[Entries taken from a collection]
·····
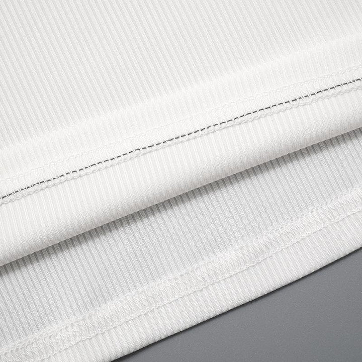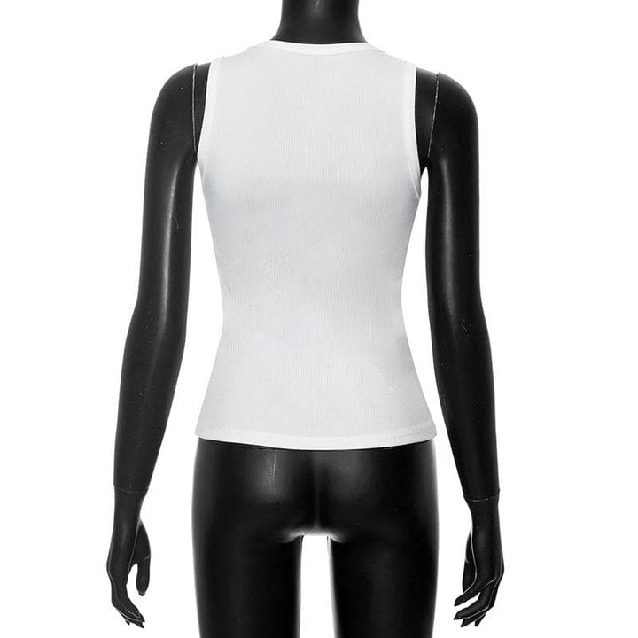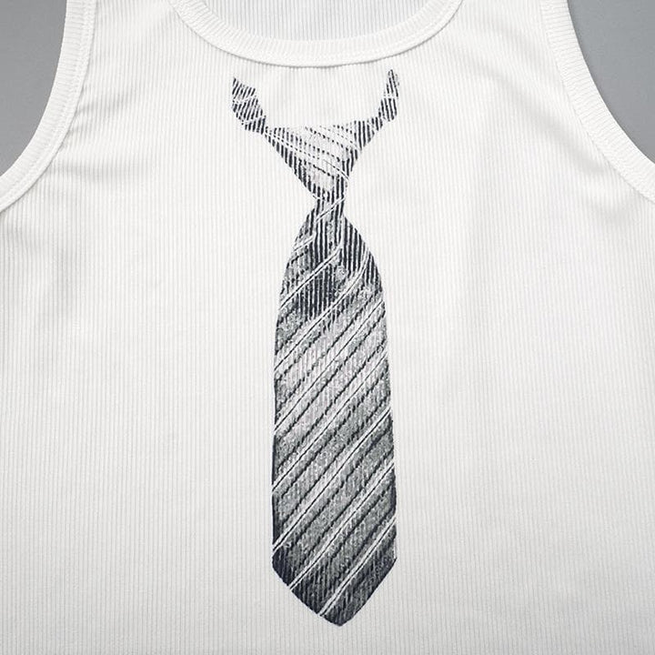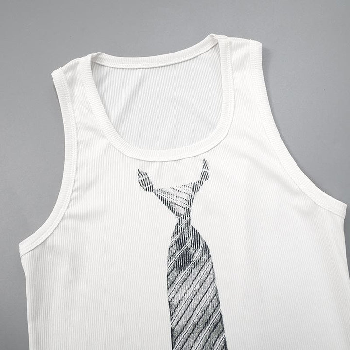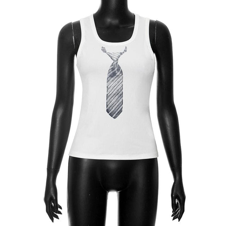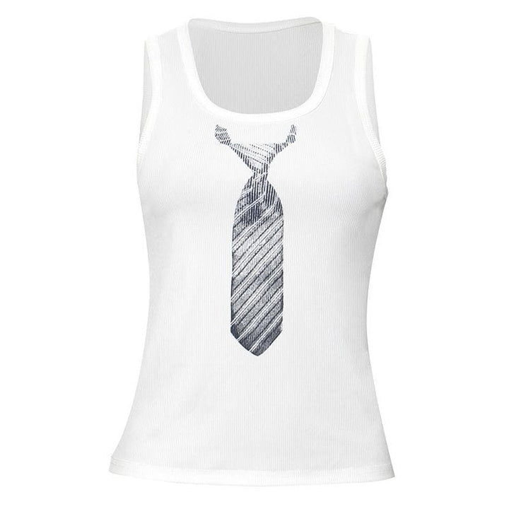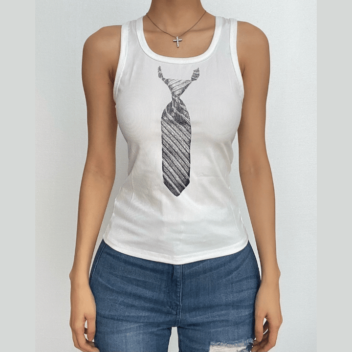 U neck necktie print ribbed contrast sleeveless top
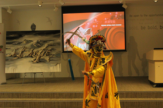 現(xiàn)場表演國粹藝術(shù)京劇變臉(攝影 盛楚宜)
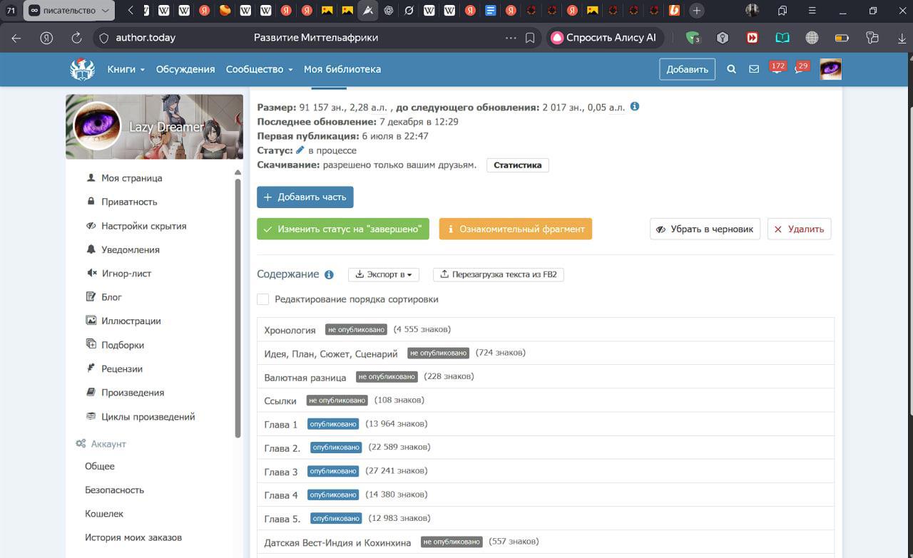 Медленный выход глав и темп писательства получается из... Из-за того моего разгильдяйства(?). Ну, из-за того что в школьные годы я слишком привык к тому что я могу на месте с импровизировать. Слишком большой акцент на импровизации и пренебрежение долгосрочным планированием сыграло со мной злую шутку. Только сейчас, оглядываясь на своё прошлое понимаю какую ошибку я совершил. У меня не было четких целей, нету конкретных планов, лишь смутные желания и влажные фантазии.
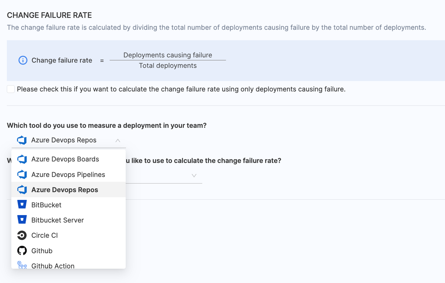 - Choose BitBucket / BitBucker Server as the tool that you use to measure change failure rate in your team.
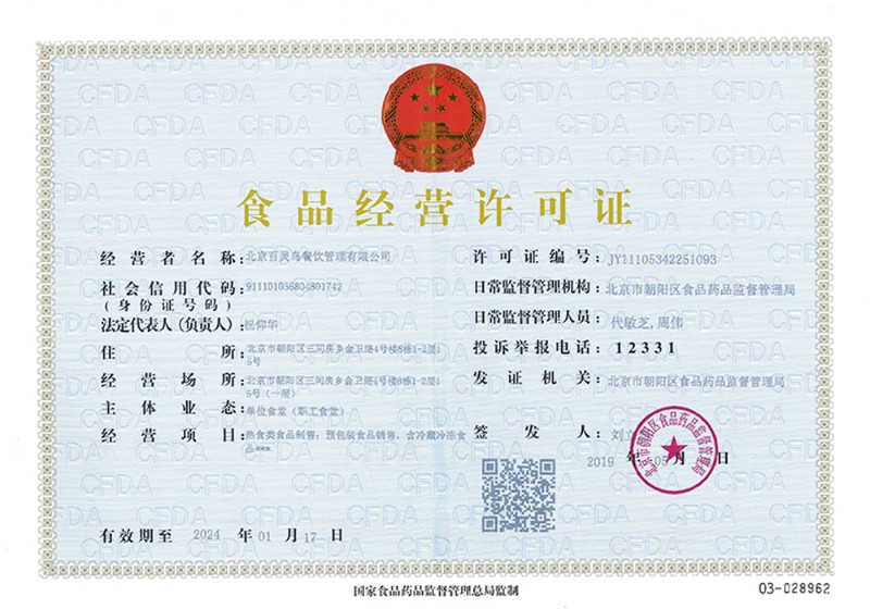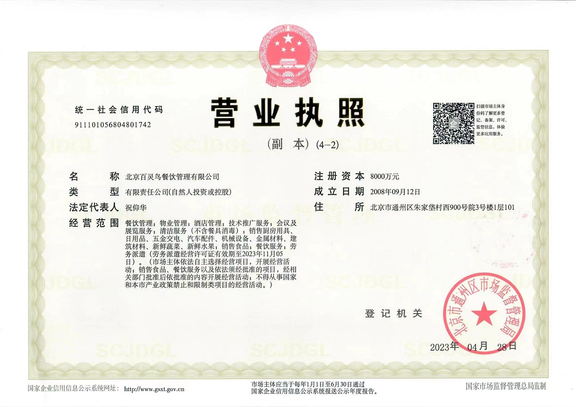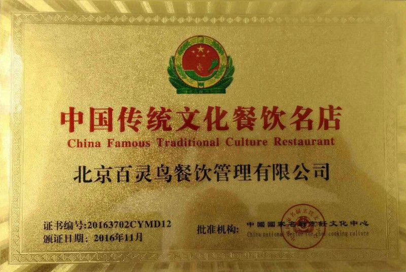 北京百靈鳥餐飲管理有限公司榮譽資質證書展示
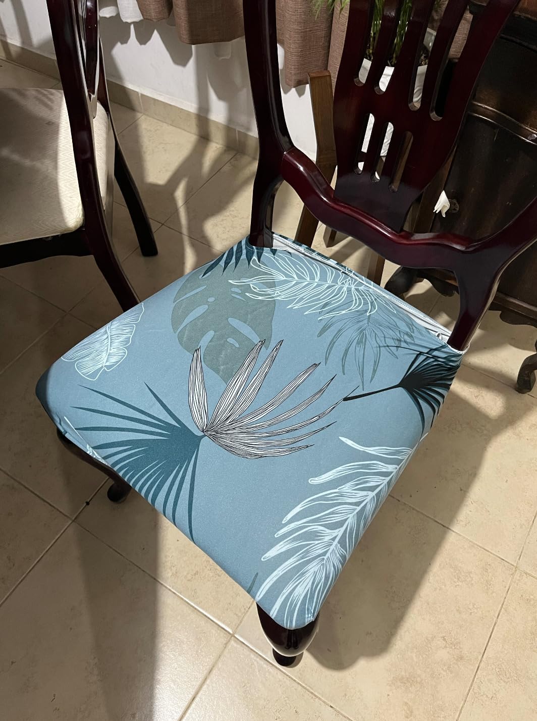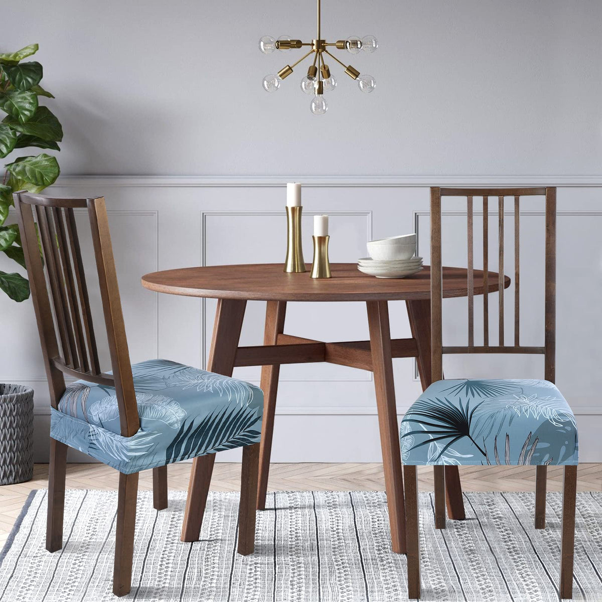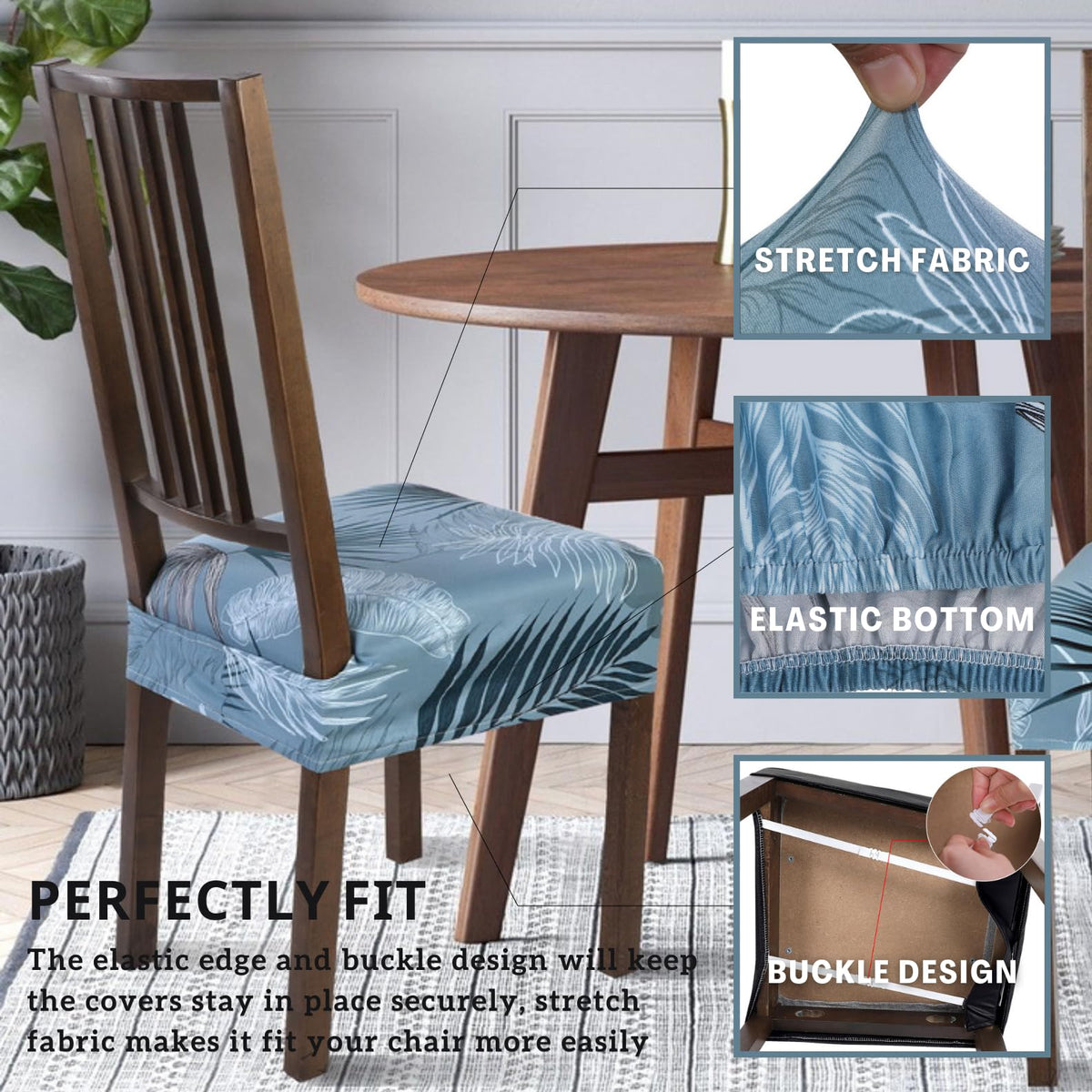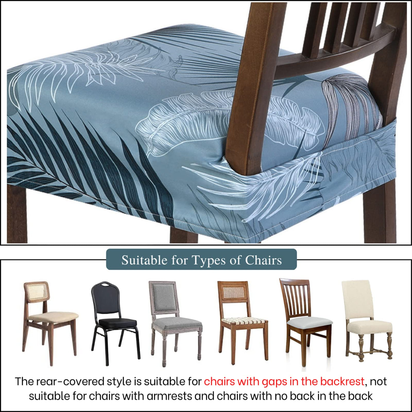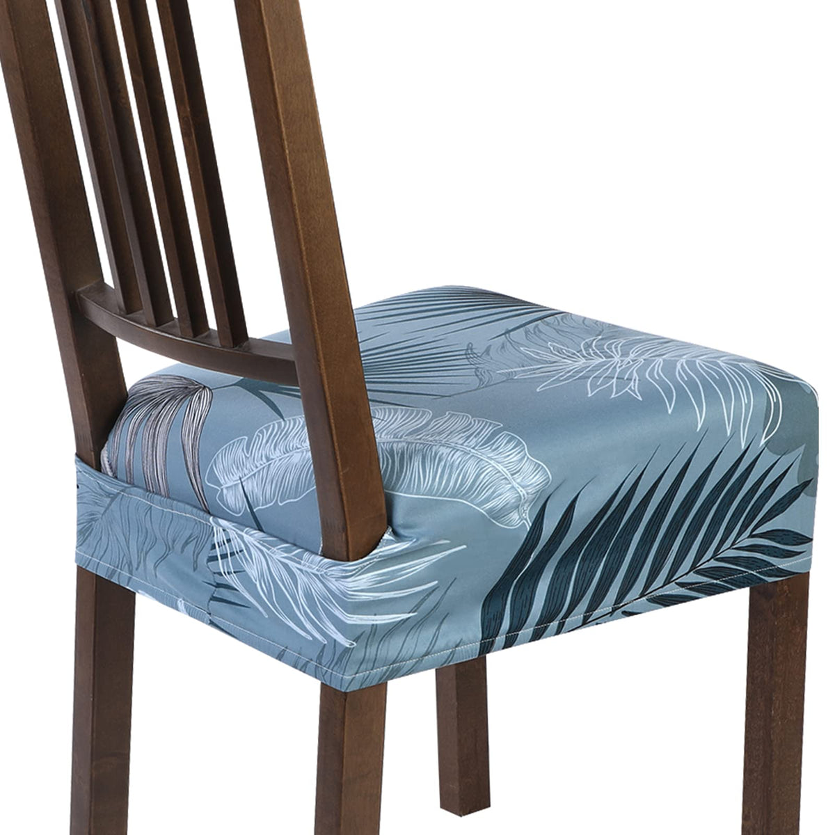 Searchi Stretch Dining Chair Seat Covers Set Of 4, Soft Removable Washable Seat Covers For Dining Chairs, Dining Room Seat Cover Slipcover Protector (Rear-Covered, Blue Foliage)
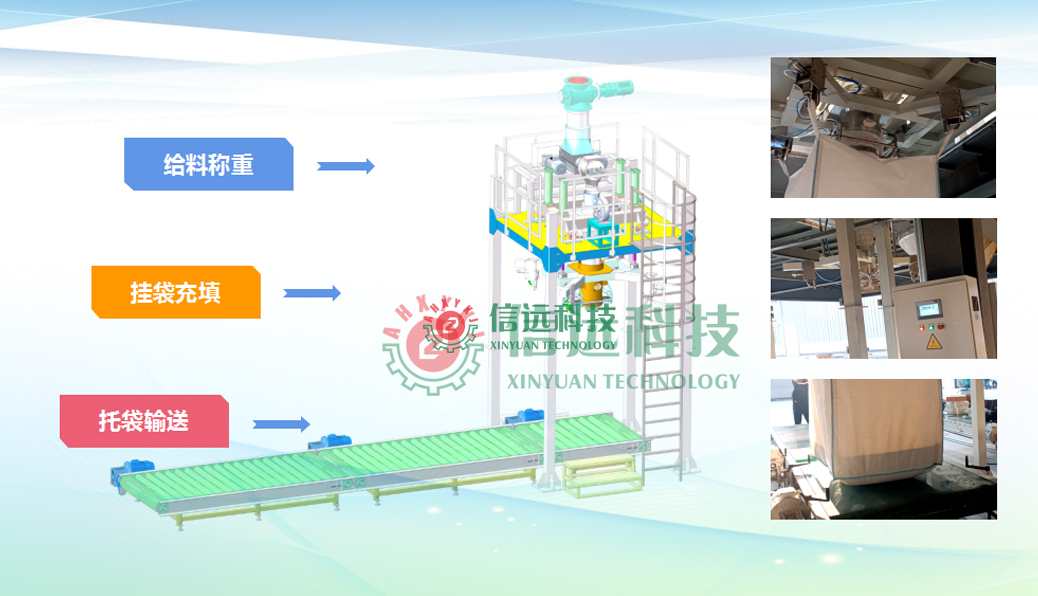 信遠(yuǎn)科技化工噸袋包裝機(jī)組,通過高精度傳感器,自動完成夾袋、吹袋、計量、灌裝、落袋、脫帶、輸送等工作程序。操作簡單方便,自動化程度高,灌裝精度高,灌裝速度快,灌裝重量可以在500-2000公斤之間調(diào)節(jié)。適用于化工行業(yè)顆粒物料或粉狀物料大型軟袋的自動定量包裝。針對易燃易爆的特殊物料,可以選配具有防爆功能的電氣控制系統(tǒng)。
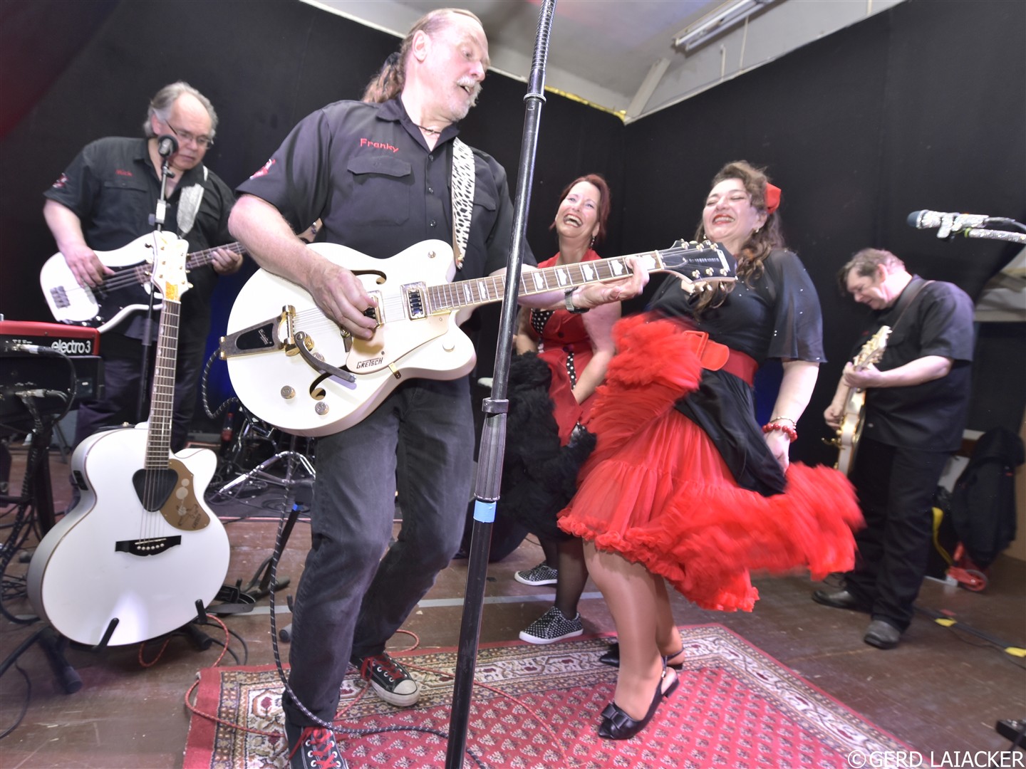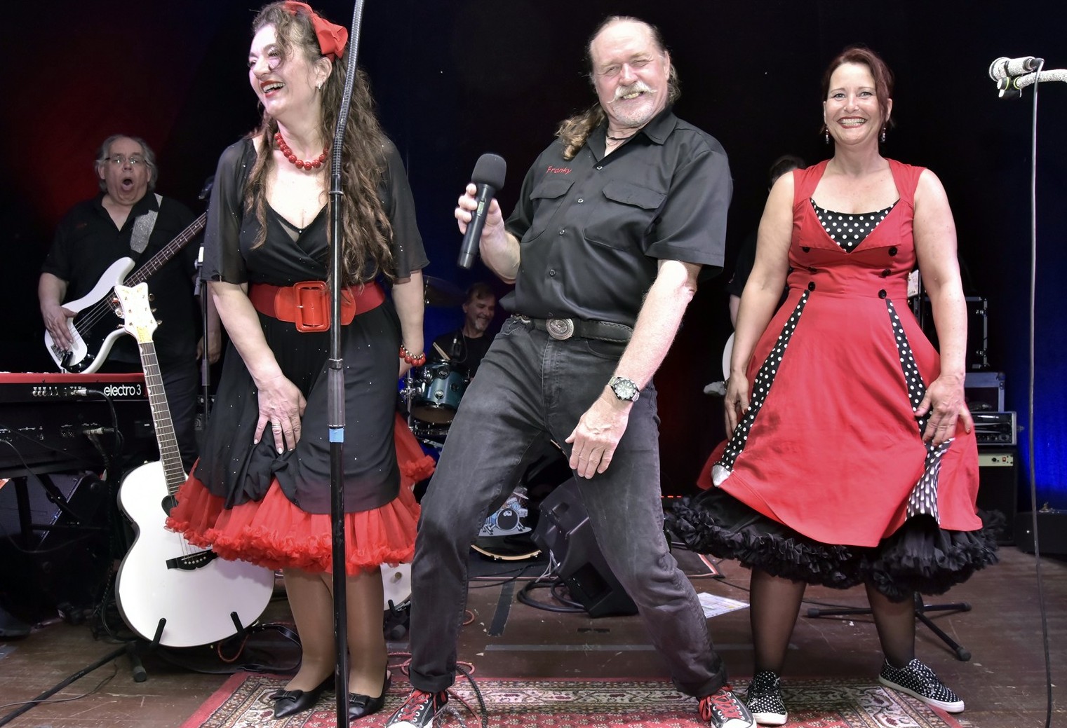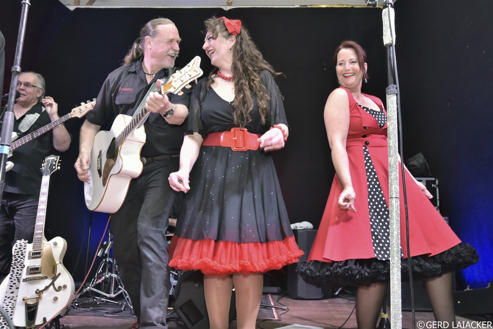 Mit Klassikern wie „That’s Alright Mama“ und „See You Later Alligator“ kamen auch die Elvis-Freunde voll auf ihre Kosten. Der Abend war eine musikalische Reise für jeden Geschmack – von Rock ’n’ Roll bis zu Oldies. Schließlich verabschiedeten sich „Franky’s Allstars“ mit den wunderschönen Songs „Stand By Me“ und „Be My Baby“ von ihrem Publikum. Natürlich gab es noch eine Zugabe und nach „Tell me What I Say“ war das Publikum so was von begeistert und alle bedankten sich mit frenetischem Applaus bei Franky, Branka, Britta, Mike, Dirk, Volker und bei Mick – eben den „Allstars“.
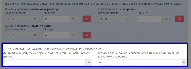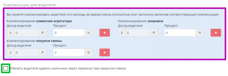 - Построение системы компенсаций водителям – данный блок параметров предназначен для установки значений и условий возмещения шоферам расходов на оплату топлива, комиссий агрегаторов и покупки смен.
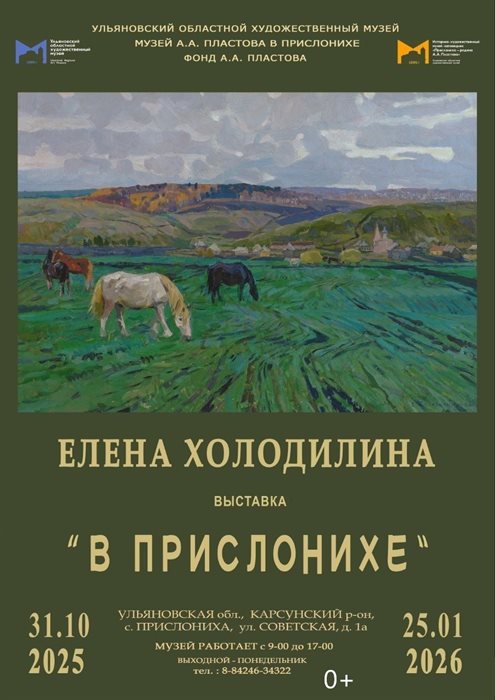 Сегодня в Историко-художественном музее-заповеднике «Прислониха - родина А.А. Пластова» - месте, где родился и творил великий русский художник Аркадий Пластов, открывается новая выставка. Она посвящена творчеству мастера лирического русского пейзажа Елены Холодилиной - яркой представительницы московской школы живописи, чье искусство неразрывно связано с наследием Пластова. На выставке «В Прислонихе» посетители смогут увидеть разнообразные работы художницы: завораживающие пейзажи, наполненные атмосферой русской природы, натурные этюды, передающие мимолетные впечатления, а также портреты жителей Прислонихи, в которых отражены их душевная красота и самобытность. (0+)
·····
Begin at the first line of the data above and repeat each line exactly, stopping after the line containing "現(xiàn)場表演國粹藝術(shù)京劇變臉(攝影 盛楚宜)". Omit the pictures.

 U neck necktie print ribbed contrast sleeveless top
 現(xiàn)場表演國粹藝術(shù)京劇變臉(攝影 盛楚宜)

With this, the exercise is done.